Dataset content:

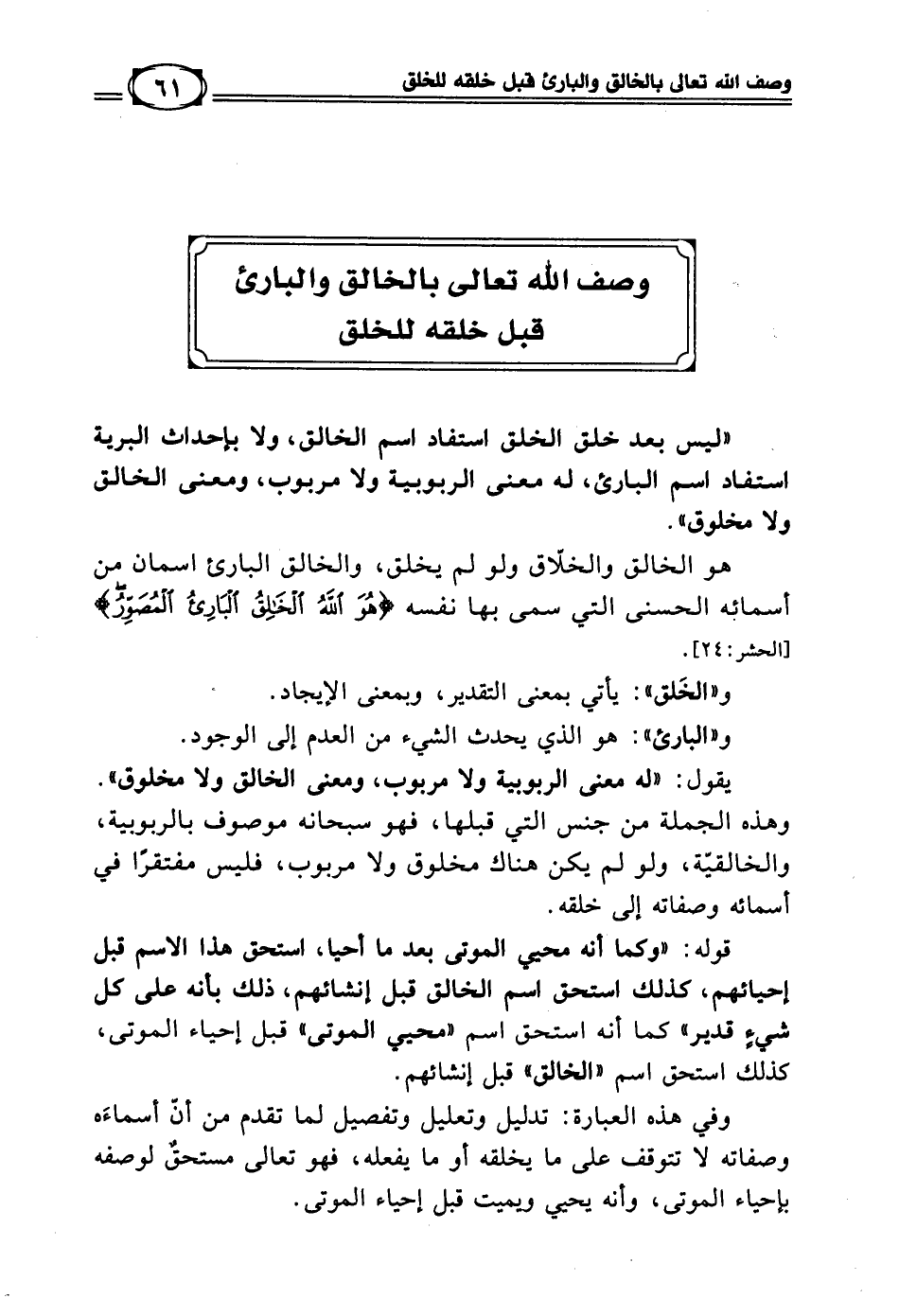 (ليس بعد خلق الخلق استفاد اسم «الخالق»، ولا بإحداث البرية استفاد اسم «البارئ» له معنى الربوبية ولا مربوب، ومعنى الخالق ولا مخلوق).
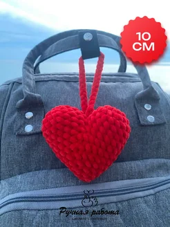 Сердце игрушка мягкая вязаная брелок 10 см, обвес на сумку
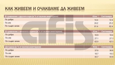 Краят на българското председателство и нетипично горещото политическо лято не останаха без последствия. Оценките и самооценките на българските граждани за заобикалящата ги действителност са се влошили в сравнение с предходните месеци. С два пункта за последния месец е спаднал делът на хората, които преценяват, че живеят по-добре в сравнение с другите, което се съчетава с един пункт нарастване на дела на онези, които смятат, че живеят по-зле. Спада и оптимизмът за бъдещето, без да се променят оценките за живота през миналата година.

Exercise: Make a word-for-word repeat of the material, skipping all pictures.

Exercise solution:
 (ليس بعد خلق الخلق استفاد اسم «الخالق»، ولا بإحداث البرية استفاد اسم «البارئ» له معنى الربوبية ولا مربوب، ومعنى الخالق ولا مخلوق).
 Сердце игрушка мягкая вязаная брелок 10 см, обвес на сумку
 Краят на българското председателство и нетипично горещото политическо лято не останаха без последствия. Оценките и самооценките на българските граждани за заобикалящата ги действителност са се влошили в сравнение с предходните месеци. С два пункта за последния месец е спаднал делът на хората, които преценяват, че живеят по-добре в сравнение с другите, което се съчетава с един пункт нарастване на дела на онези, които смятат, че живеят по-зле. Спада и оптимизмът за бъдещето, без да се променят оценките за живота през миналата година.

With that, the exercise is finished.